Task prompt → From the entries below, reproduce exactly the line containing "А теперь вернемся", the line containing "Для петель с", and every line in between, with nothing added.

Extracted information →
========

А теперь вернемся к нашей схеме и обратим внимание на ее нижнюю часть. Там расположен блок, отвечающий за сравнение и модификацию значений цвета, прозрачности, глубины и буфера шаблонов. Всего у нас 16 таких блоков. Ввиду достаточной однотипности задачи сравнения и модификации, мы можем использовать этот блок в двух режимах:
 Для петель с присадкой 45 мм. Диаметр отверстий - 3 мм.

========

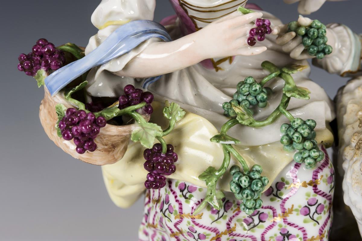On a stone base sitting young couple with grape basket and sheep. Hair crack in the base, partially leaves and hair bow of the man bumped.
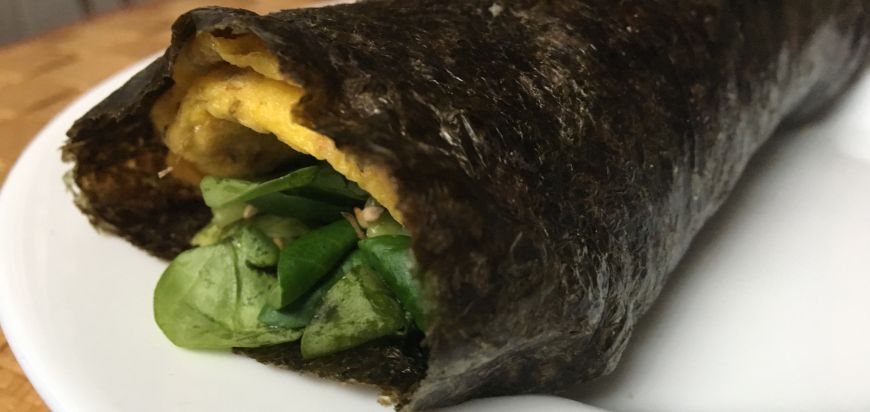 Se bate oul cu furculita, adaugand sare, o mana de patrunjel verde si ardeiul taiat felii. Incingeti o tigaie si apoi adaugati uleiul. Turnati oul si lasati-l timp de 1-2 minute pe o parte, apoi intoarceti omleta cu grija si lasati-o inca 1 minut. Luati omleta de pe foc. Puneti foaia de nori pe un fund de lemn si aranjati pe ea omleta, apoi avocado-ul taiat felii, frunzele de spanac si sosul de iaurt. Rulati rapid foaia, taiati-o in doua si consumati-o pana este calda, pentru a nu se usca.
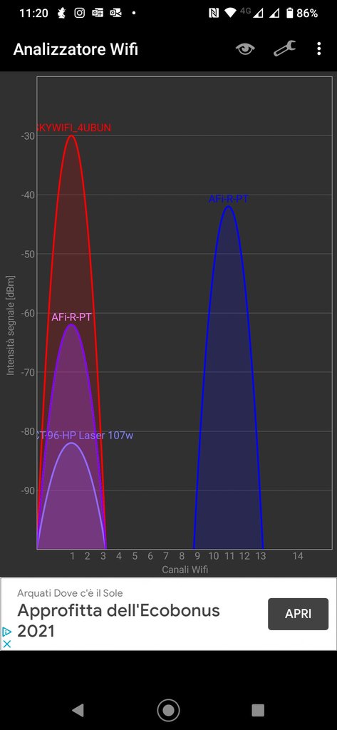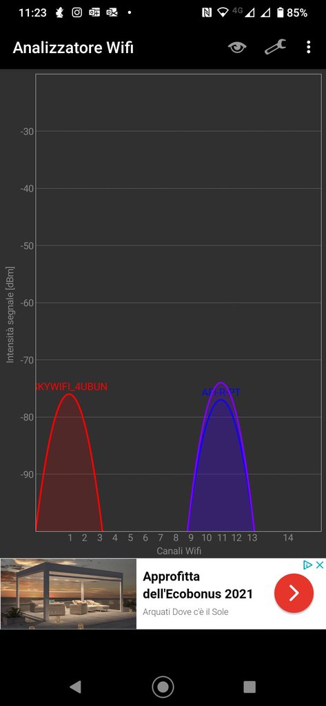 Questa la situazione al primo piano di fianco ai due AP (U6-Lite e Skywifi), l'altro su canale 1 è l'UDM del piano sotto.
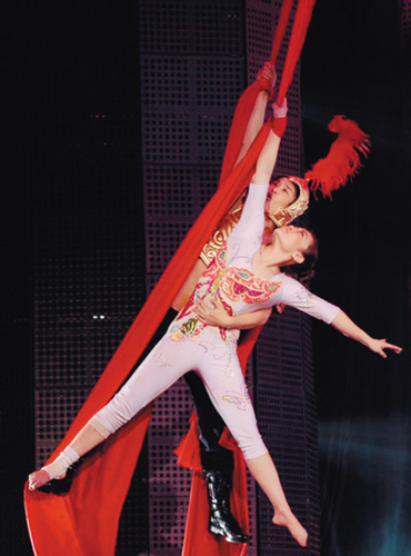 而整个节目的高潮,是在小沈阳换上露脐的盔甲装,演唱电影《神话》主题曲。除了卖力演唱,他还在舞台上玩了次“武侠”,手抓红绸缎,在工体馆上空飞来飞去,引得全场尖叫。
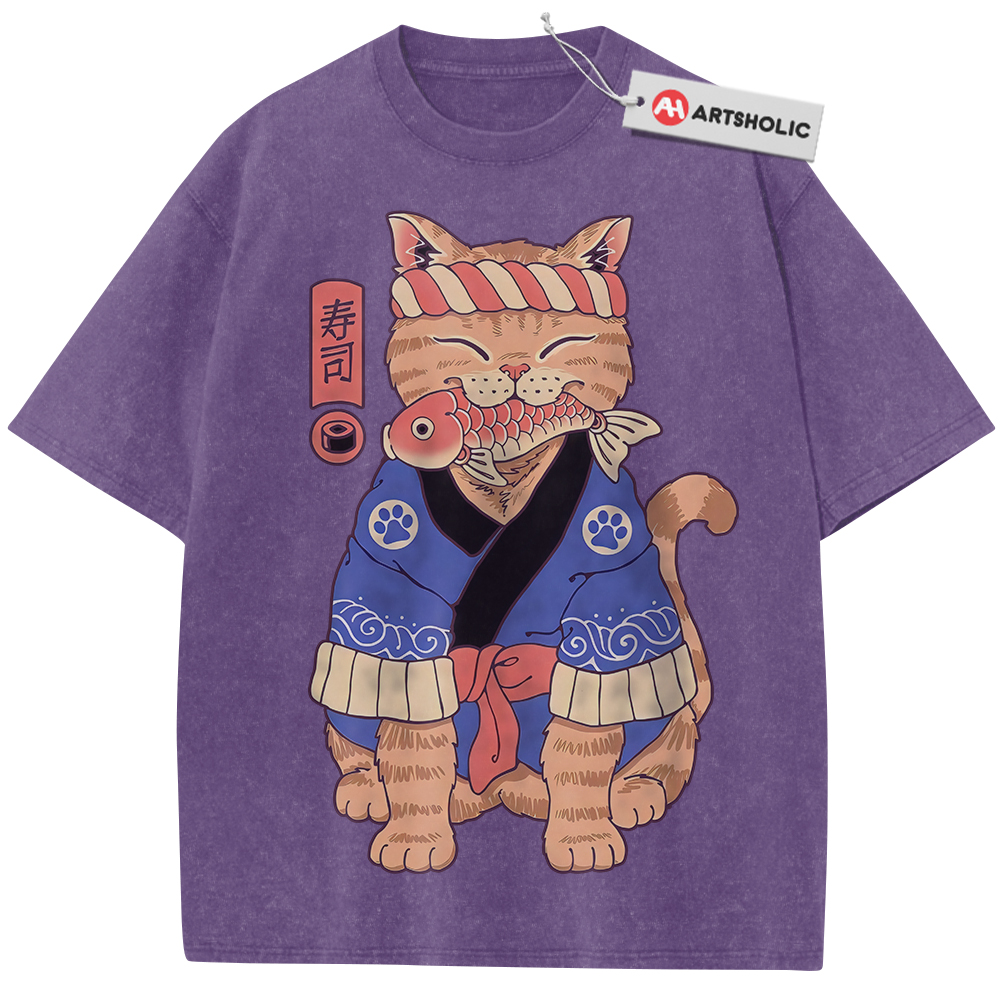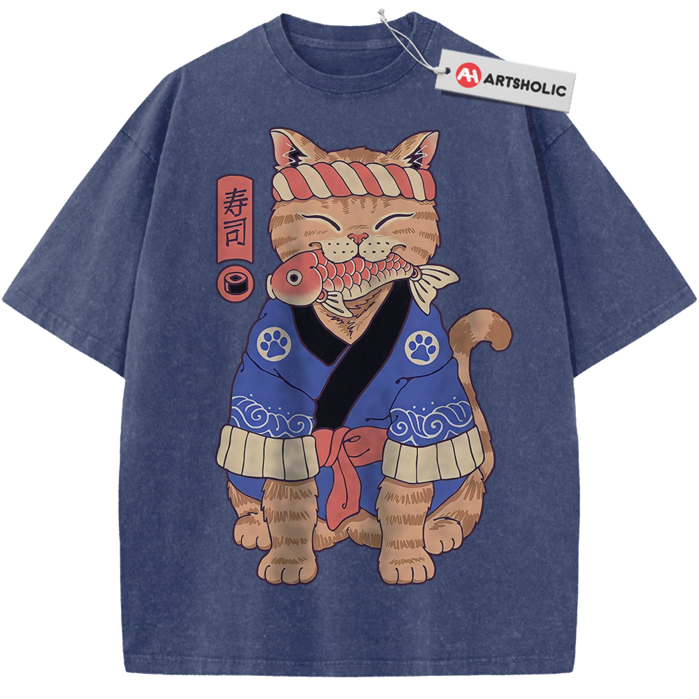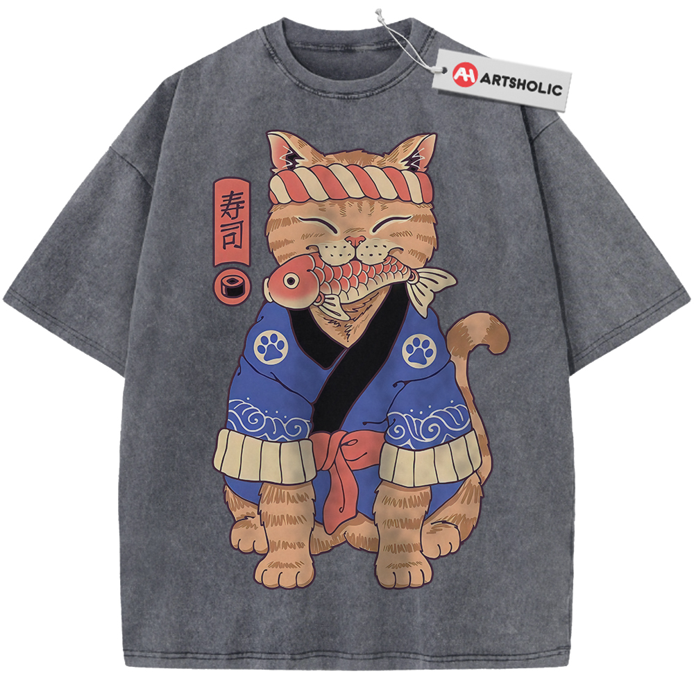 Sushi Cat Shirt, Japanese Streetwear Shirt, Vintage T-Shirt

========

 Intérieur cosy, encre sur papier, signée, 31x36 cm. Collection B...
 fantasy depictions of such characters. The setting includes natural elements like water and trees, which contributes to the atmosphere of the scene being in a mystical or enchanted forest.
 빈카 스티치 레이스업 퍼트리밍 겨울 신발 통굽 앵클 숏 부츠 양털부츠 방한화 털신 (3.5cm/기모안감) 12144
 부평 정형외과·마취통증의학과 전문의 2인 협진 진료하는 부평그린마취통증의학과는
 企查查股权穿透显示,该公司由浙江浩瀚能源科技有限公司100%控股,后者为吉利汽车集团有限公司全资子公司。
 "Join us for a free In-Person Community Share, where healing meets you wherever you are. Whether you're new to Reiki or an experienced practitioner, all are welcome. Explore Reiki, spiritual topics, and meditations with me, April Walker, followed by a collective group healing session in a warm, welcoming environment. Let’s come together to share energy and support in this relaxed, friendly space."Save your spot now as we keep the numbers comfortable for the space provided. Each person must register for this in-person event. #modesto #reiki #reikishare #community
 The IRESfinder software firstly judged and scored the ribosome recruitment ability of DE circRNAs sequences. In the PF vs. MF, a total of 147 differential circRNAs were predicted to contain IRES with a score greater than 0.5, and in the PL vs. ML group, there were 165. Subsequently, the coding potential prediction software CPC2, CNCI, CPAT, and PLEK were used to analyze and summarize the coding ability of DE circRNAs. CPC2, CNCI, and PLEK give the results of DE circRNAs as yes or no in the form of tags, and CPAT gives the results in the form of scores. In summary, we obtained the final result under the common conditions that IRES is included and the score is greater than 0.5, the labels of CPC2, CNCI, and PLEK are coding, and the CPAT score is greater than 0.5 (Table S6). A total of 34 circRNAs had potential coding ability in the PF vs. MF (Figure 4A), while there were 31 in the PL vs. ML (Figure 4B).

========

Written reply →
А теперь вернемся к нашей схеме и обратим внимание на ее нижнюю часть. Там расположен блок, отвечающий за сравнение и модификацию значений цвета, прозрачности, глубины и буфера шаблонов. Всего у нас 16 таких блоков. Ввиду достаточной однотипности задачи сравнения и модификации, мы можем использовать этот блок в двух режимах:
 Для петель с присадкой 45 мм. Диаметр отверстий - 3 мм.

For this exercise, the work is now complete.